Unilever Acquires Grüns: What This Bet on Celebrity Greens Supplements Signals
When a company like Unilever — $60B in annual revenue, Dove, Lipton, Magnum in its portfolio — acquires a greens gummy brand co-founded with a rapper, that's a market signal worth reading carefully.
The Unilever acquisition of Grüns is official. And it says something important about where the supplement industry is heading.
Key Takeaways
- Unilever acquires Grüns, the greens gummy supplement brand co-founded with Drake
- Fits Unilever's health and wellbeing portfolio strategy (Liquid IV, Nutrafol)
- Grüns disrupted greens supplements by replacing powder format with accessible gummies
- Strong signal: Big FMCG is fully validating premium functional supplements at scale
- Celebrity-backed supplement brands now attract significant acquisition premiums from legacy CPGs
Who Grüns Is and Why Unilever Wants It
Grüns was founded by Daniel Freed with Drake as co-founder and public face. The brand took a clear position from day one: make greens supplements accessible to a mainstream audience by ditching the powder format for gummies. Same format-democratization strategy as Create Wellness with creatine — different category, same logic.
The difference from other celebrity-backed brands: Grüns built a serious product foundation before leveraging Drake's image. The formula is substantive — vitamins, minerals, plant extracts — and the gummy format solved the core problem with greens powders: taste and daily use friction.
Unilever isn't buying an image. It's buying distribution, a customer base, and a format that's proven it can reach a different audience than traditional supplement users.
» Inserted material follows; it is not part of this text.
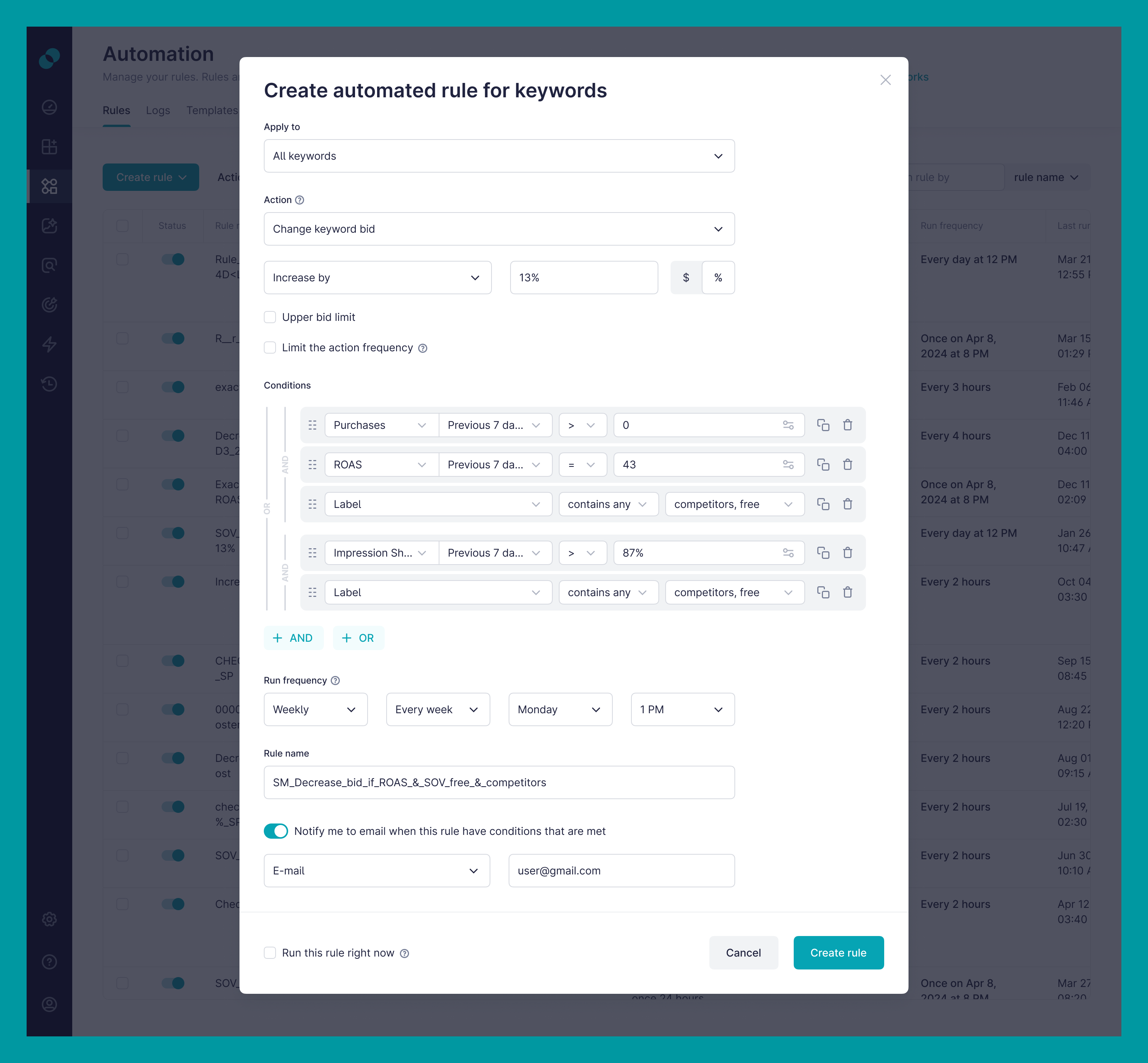 • You can tailor rules to fit your specific goals, from budget management to keyword performance.

Unilever's Wellness Play: A Strategy Accelerating
This acquisition isn't isolated in Unilever's strategy. The group acquired Liquid IV (electrolyte hydration) in 2020, Nutrafol (hair health supplements) in 2022. The direction is clear: Unilever is building a portfolio in premium functional supplements, targeting high-growth categories where the science is solid enough to justify a pricing premium.
Greens, creatine, electrolytes, collagen, hair — these are the five categories concentrating most supplement market growth in 2024-2026. Unilever is now positioned in three of them.
What This Means for the Supplement Market
When FMCG giants acquire premium supplement brands, several things happen simultaneously in the market.
Category validation. Unilever doesn't bet on niches — the group targets categories with mass market potential. Their choice of greens gummies confirms the category is judged mature enough for mainstream distribution.
Rising acquisition premiums. Every FMCG supplement acquisition recalibrates valuation multiples for other brands in the same space. Founders and investors in the wellness segment will reference this transaction in upcoming funding rounds and M&A conversations.
Pressure on independent brands. With Unilever's distribution power behind Grüns, independent greens brands will see their market conditions shift. Shelf space competition in retail and e-commerce visibility will intensify.
What Independent Brands Can Take From This
The Grüns acquisition confirms a dynamic the industry has watched since 2020: supplement brands that succeed on both formula AND format — and that build an audience before seeking an exit — are the most attractive to strategic acquirers. Danone's acquisition of Huel and Herbalife's purchase of Bioniq earlier this year follow the same consolidation logic.
It wasn't the Drake association that convinced Unilever. It was the demonstration that a different format could accelerate adoption of an entire category. That's the real strategic value of Grüns — and the lesson brands in build phase can take from it.